I’m actually fairly upset about that because I honestly don’t think the school went about the right way in exposing us to drug dosage calculations. They told us to get a drug dosage calculation book, and they touched on the calculations a little during bootcamp but we never got a formal lecture. And, during the bootcamp, they did the math wrong twice. Or, maybe I’m just asking for too much and this is actually the standard in every other school.

Anyways, I watched a few videos and asked a RN friend to help me out so I’ll be fine. If they decide to go over drug dosage calculations Thursday, I’ll be equally annoyed because that’s honestly not enough time for most people to prepare. It’s not that drug dosage calculations are particularly hard but that’s unnecessarily stressful for a lot of people.
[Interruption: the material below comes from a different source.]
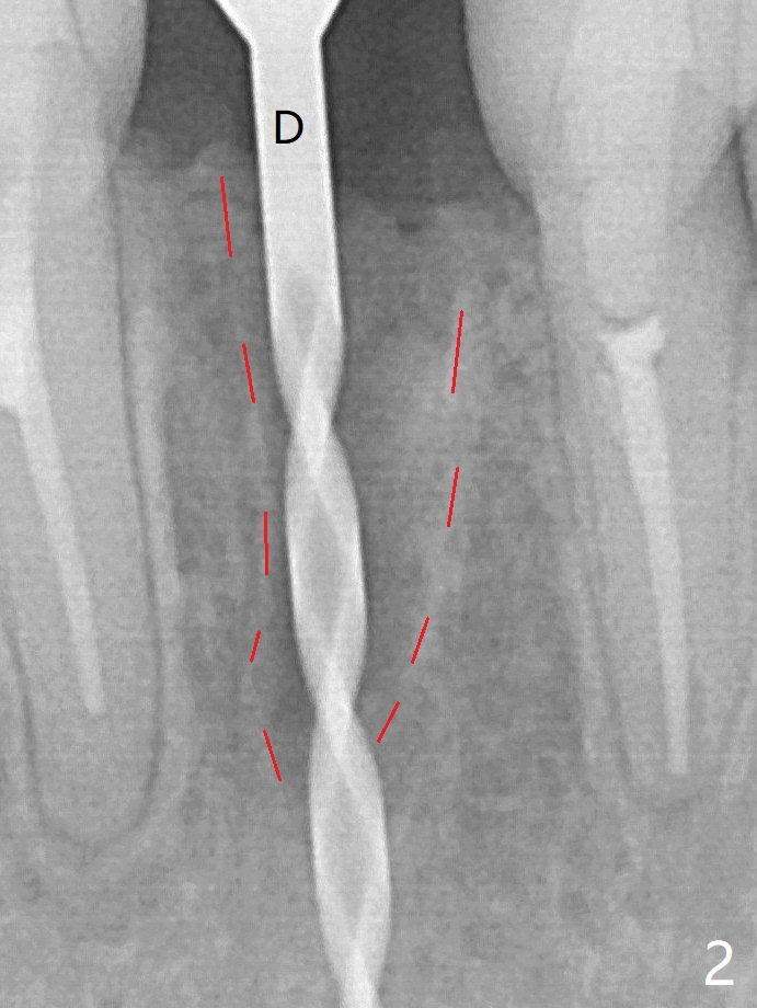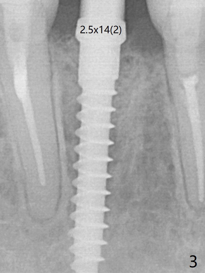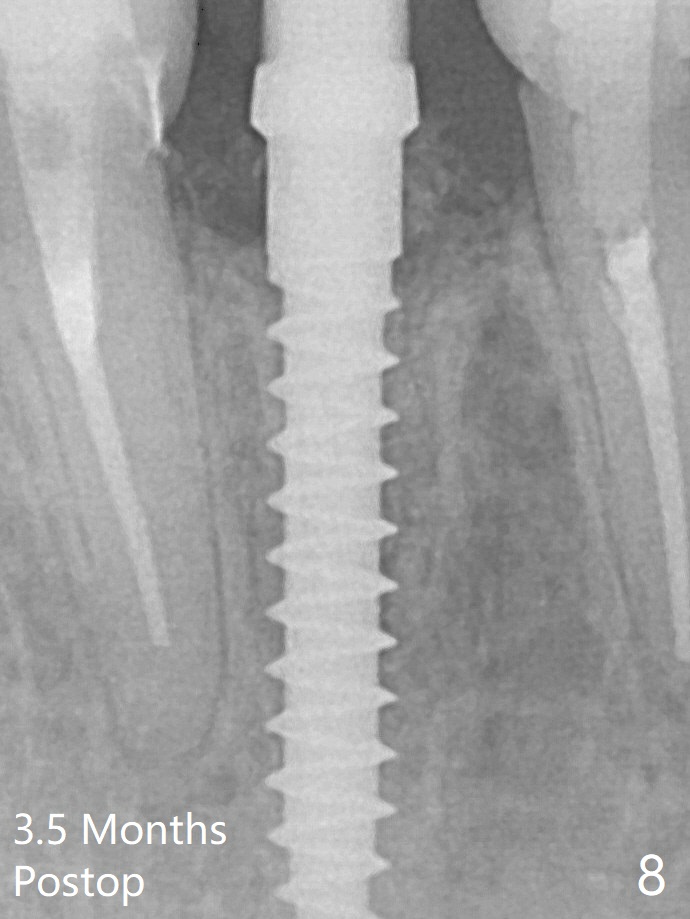 A drawback of implant planning at #25 is not to use a preop PA (Fig.1 (^ fracture line)). The initial trajectory seems to be alright (Fig.2 (red line: socket; D: 1.2 mm drill)), but a 2.5x14(2) mm implant placed is close to the tooth #26 (Fig.3 (allograft having been placed)). The latter may be related to more bone loss in the distal crest 3.5 months postop (Fig.8) and more severe distal papillary recession (Fig.9 *). The meisal bone seems to be wider.

Anyways, we have 3 chances to pass this drug dosage calculation exam with a 100%. 

I hope I never have to take it more than once for fear of my pride.

As I keep finding out about the things that are due in the next couple weeks and the number of quizzes waiting for me, I can’t help but feel a little annoyed with school already.

I was excited for school to start since it meant that the progress was real and things were finally in gear, but I’m starting to feel a different now.  

My mood has definitely flipped from I can’t wait for school to start to I can’t wait for school to finish. 

Before I call it for tonight, I do want to share a few tips with you guys to be successful in this semester of school.

  1. Stay organized. 
    Get a planner or use a digital calendar, but write down all your classes. Write down all your due dates, all your quizzes and exams. Block in times for you to study and follow your schedule. Staying organized is half the battle. It’s the first day but I already have so many chapters to read and videos to watch for the rest of the first week.
  2. Write down your questions as soon as you think of them for next time. 
    My class has had to ask for clarification about the clinical/lab schedule, dress code and other small things so many times now. It would’ve been a lot faster if we had just compiled a giant list and asked everything at once instead of having to ask related questions every time we meet, and then needing further clarification.
  3. Eat enough
    I don’t know what kind of person you are, but I’m the kind of person that doesn’t eat enough. If I get busy, I’ll forget to eat and skip multiple meals on accident. Staying adequately nourished means you won’t be physically tired at school and mentally exhausted during lectures. Paying attention during lectures means more recall, which means less overall studying. 
  4. Exercise, even if it’s just a little
    You don’t have to run a 5K every day, but try and move for at least 30 minutes a day even if it’s just a walk around the neighborhood. Exercise is a great form of  stress management and developing coping skills. A less stressed you equals for a happier you.
  5. Breath
    Learn not to dwell on the things that upset or bother you. Already in my program, I’m finding things that upset me. I know that I have no control over it, but I also know that I can’t let my displeasure control me. Taking a deep breath and knowing to let go is an important skill. Sometimes the best thing you can do after a bad grade, or day, is just to roll with the punches so that you can set yourself up for a better outcome the next time.

Those are things that helped me last semester, and I hope that they help you.